During the meeting that took place at the organization’s conference room, attendees were informed about new regulations on public housing and how to preserve it.
Bread for the City “is trying to engage the community as much through outreach and doing political educations,” said Alexis MacKenney, Bread For the City’s Budget Campaign Community Organizer, told The DC Post, in reference to the 20-Year Transformation Plan released by D.C. Housing Authority (DCHA) in August.
Most organizations operating in the field started to be concerned about the financial and practical feasibility of DCHA’s plan to relocate 2,600 families forced to move out of their places.
The Plan seems indeed to be failing to address the problem of relocation and not considering the rights of residents such as their right to return to the neighborhood after renovation, which would undoubtedly be different and unaffordable.
Behind the White House but far from the politicians’ living standards, activists, advocates and Washingtonians have been trying to raise their voices and fight against the city’s construction plan.
Because the so-called Chocolate City is no longer an affordable place to live, and income discrimination is making a huge difference among people who come here only for business and citizens born in the city but forced to move outside their place.
We are talking about what is today called “gentrification,” a term we often hear when we talk about big cities but most of the time it’s hard to understand what there is behind.
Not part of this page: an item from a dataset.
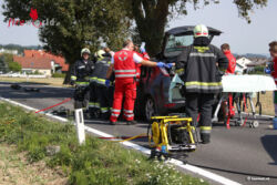 Die Feuerwehr befreite, in Absprache mit der Notärztin, die Lenkerin unter Zuhilfenahme des hydraulischen Rettungsgeräts. Für eine schonende Rettung musste die Autotüre entfernt werden.
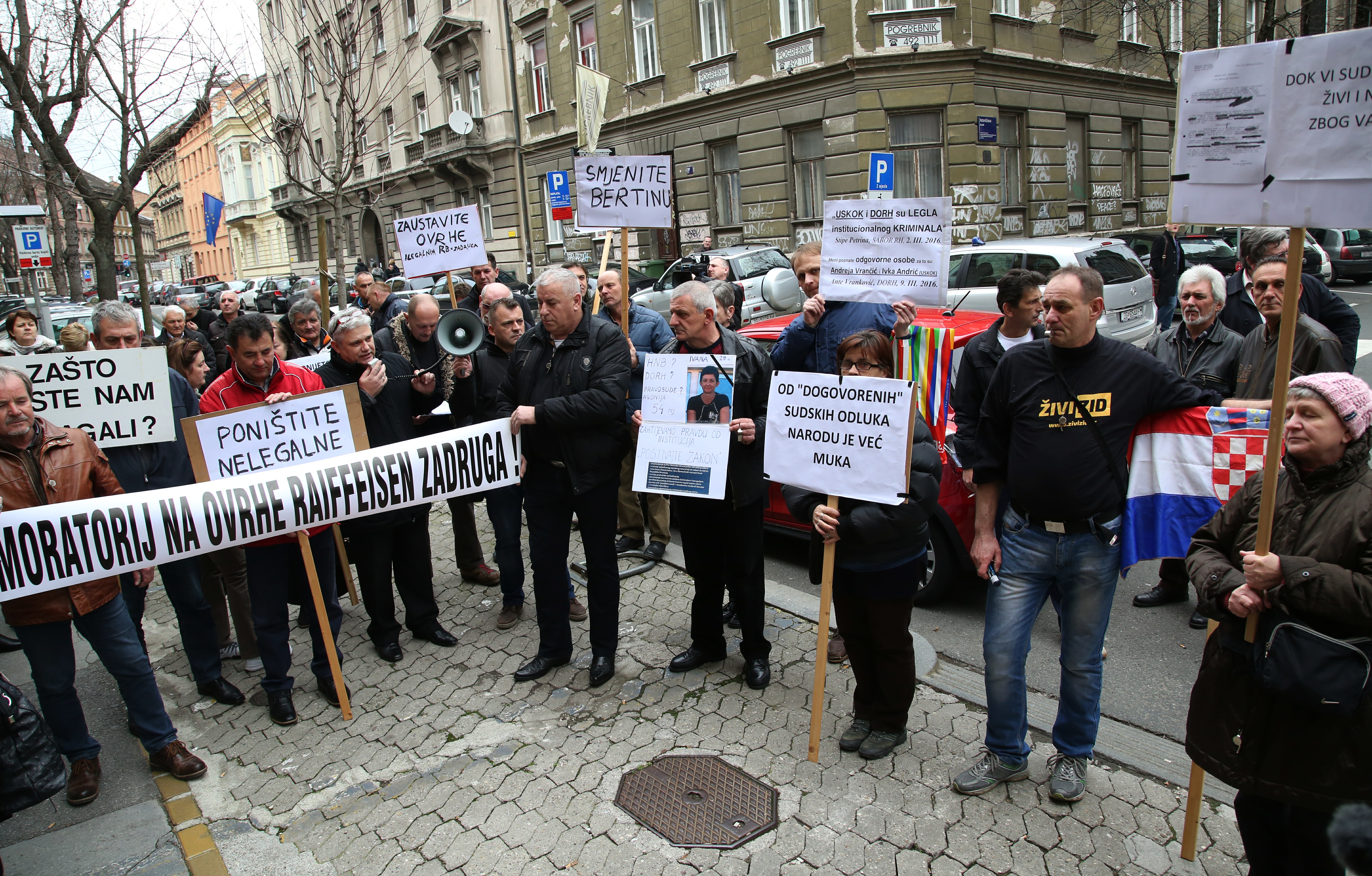 Na transparentima se moglo pročitati "Moratorij na ovrhe Reiffeisen zadruga", "Poništite nelegalne ugovore", "Rješenje donijeto u nedjelju nije omaška nego produžena ruka mafijaška","Od dogovorenih sudskih odluka narodu je muka", "USKOK i DORH - legla institucionalno organiziranog kriminala"...

Gentrification is simply explained as the process of repairing and rebuilding homes in urban neighborhoods in order to let the middle and upper class populate those areas and live in those buildings.
Among the consequences of gentrification, there is the depopulation of urban, often poor but historical neighborhoods, and the increase of the house market.
Despite the term seemed to be new, it started to be used in the 60s in the United Kingdom, when a German-British sociologist and city planner, Ruth Glass, explained how “One by one, many of the working class neighborhoods of London have been invaded by the middle-classes—upper and lower. […] Once this process of ‘gentrification’ starts in a district it goes on rapidly, until all or most of the original working-class occupiers are displaced and the whole social character of the district is changed.”
Gentrification today causes homelessness and it is strictly connected to public housing, especially in Washington, D.C. It seems to be a perfect indicator of how in the next years it will be a place designated only for business men and women.
Although public housing system was established to provide decent and safe rental housing for eligible low-income families, the elderly, and persons with disabilities, right now, more than 20,000 people benefit from it in D.C., with more than 40,000 still on DCHA’s closed waitlist.
While Bread for the City mainly recommends that DCHA provides units that keep families from paying more than 30 percent of their income for rent, and ensures that units that will be demolished and replaced with ones the same size, the bureaucracy doesn’t seem to be on the citizens’ side.
For the city government, someone who is considered “homeless” can apply to the Housing Choice Voucher Program, funded through the U.S. Department of Housing and Urban Development (HUD), that provides assistance for residents that qualify for low-income limit. Through vouchers, low and moderate-income residents can find affordable housing and pay rent for privately owned properties across the District.
“It took me two years to get into the program,” Antoinette Williams, a former homeless person, told The DC Post. Born in Maryland, Antoinette moved to D.C. a long time ago for better job opportunities and also because some of her relatives were living in the city.
Due to gentrification, Antoinette’s mom had to move out of her apartment and after living with other people for a while, she decided to go to a shelter and live there. Meanwhile, she found a part-time job and was able to save money, but once she got into the Housing Choice Voucher Program, she had nobody to explain to her how the vouchers worked.
After almost a year, Antoinette today still has a part-time job, a car and her own place, but she says “I won’t have the time I lost back.” She is now eager to share her story and help others who are in the same situation as she used to be in: “A lot of people don’t know anything about these programs, that it is why I am here.”